▶ Goal of the exercise:
Copy out again, unchanged, the listing below from the line that has "Derulator pentru prelata" through the line that has "Tangy Orange Ombre".

─── Data under study

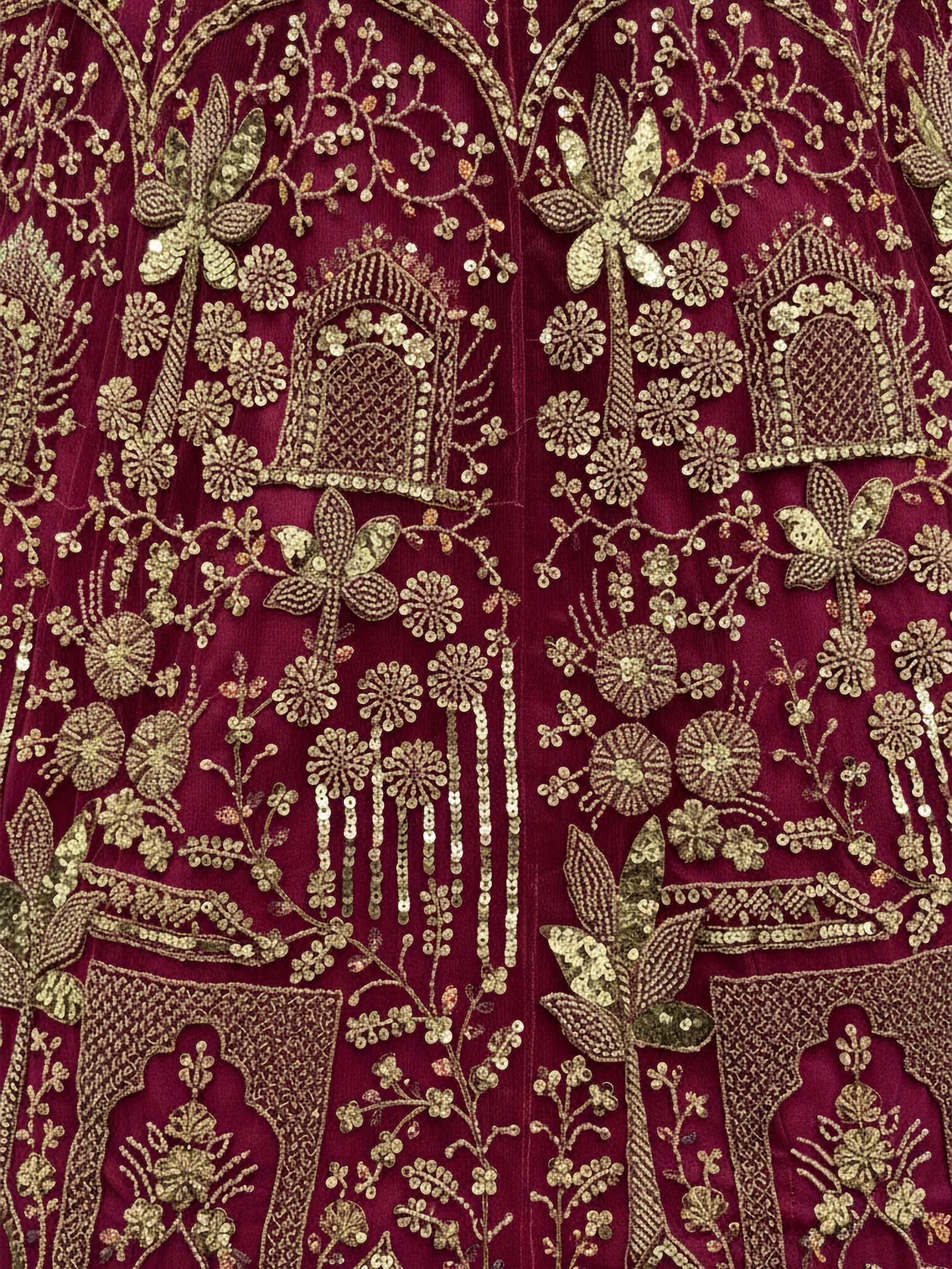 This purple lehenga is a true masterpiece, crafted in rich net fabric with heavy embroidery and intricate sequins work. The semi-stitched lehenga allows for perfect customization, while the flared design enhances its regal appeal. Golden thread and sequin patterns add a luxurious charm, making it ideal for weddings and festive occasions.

──────
─── Data under study

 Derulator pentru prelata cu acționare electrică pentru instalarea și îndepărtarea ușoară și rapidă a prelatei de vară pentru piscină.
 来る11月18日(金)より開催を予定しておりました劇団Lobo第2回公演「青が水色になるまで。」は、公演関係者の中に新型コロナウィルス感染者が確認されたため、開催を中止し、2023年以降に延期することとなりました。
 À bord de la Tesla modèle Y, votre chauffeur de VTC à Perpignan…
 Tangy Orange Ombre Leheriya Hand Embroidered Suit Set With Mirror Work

──────
─── Data under study

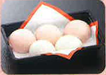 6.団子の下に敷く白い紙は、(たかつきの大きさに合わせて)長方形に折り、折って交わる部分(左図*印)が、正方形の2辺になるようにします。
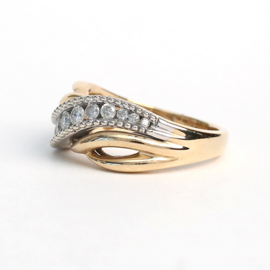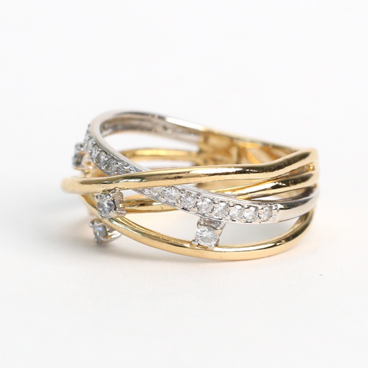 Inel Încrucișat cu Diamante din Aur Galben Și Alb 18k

──────

▶ Finished exercise:
 Derulator pentru prelata cu acționare electrică pentru instalarea și îndepărtarea ușoară și rapidă a prelatei de vară pentru piscină.
 来る11月18日(金)より開催を予定しておりました劇団Lobo第2回公演「青が水色になるまで。」は、公演関係者の中に新型コロナウィルス感染者が確認されたため、開催を中止し、2023年以降に延期することとなりました。
 À bord de la Tesla modèle Y, votre chauffeur de VTC à Perpignan…
 Tangy Orange Ombre Leheriya Hand Embroidered Suit Set With Mirror Work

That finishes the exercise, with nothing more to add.